Given a rectangle as input, the picture draws the image of each line segment inside the rectangle. Here is a procedure that constructs the picture, given a list of segments. The constuctor for a picture uses the mapping function for-each which applies its function argument to each line segment in a rectangle for its side effect of drawing that line segment after first changing its points to the coordinate system of the rectangle.

(define (make-picture seglist)

(lambda (rect)

(for-each

(lambda (segment)

(drawline ((coord-map rect) (seg-start segment))

((coord-map rect) (seg-end segment))))

seglist)))

(define empty-picture (make-picture '()))

Rotation

To rotate a picture 90 degrees counterclockwise, we need only draw the picture with respect to a new rectangle:

(define (rotate90 pict)

(lambda (rect)

(pict (make-rect

(+vect (origin rect)

(horiz rect))

(vert rect)

(scale -1 (horiz rect))))))

(define (repeated function n)

(lambda (thing)

(if (= n 0)

thing

((repeated function (-1+ n)) (function thing)))))

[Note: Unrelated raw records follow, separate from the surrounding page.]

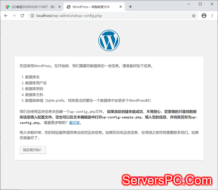 5、打开浏览器输入http://localhost/我们就可以访问网站了,这个是WordPress程序的安装界面。
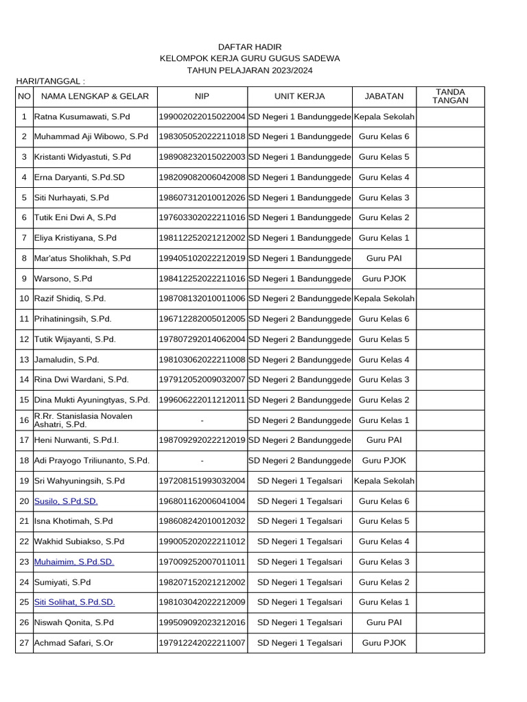 6 Tutik Eni Dwi A, S.Pd 197603302022211016 SD Negeri 1 Bandunggede Guru Kelas 2
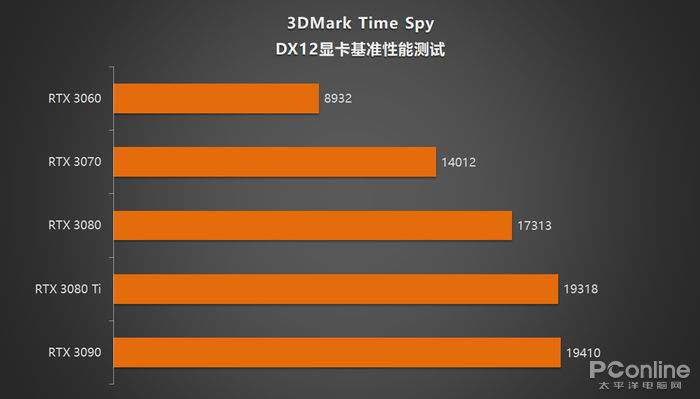 首先测试一波3DMark基准性能测试,Time Spy项目测试可以衡量显卡在DX12环境下的基准性能,从测试结果了解一下这几张显卡的性能情况。

(define rotate180 (repeated rotate90 2))

(define rotate270 (repeated rotate90 3))

Horizontal flip is also drawing with respect to a new rectangle:

(define (flip pict)

(lambda (rect)

(pict (make-rect (+vect (origin rect) (horiz rect))

(scale -1 (horiz rect))

(vert rect)))))

Means of combining pictures

Since pictures are specified by procedures, we can create higher order procedures that combine simple pictures together in various ways. For example, the together operation takes two pictures and combines them into a single picture, lying superimposed.

(define (together pict1 pict2)

(lambda (rect)

(pict1 rect)

(pict2 rect)))

The beside operation takes two pictures and scales them according to some relative width to fit in a single rectangle. Beside takes as input, the two pictures, plus a variable a which specifies the percentage of horizontal devoted to the first picture.

(define (beside pict1 pict2 a)

(lambda (rect)

(pict1 (make-rect

(origin rect)

(scale a (horiz rect))

(vert rect)))

(pict2 (make-rect

(+vect (origin rect)

(scale a (horiz rect)))

(scale (- 1 a) (horiz rect))

(vert rect)))))

above is defined in terms of beside

(define (above pict1 pict2 a)

(rotate270 (beside (rotate90 pict1)

(rotate90 pict2)

a)))

Here are some operations defined in terms of the procedures above and beside:

(define (4pict pict1 rot1 pict2 rot2 pict3 rot3 pict4 rot4)

(beside (above ((repeated rotate90 rot1) pict1)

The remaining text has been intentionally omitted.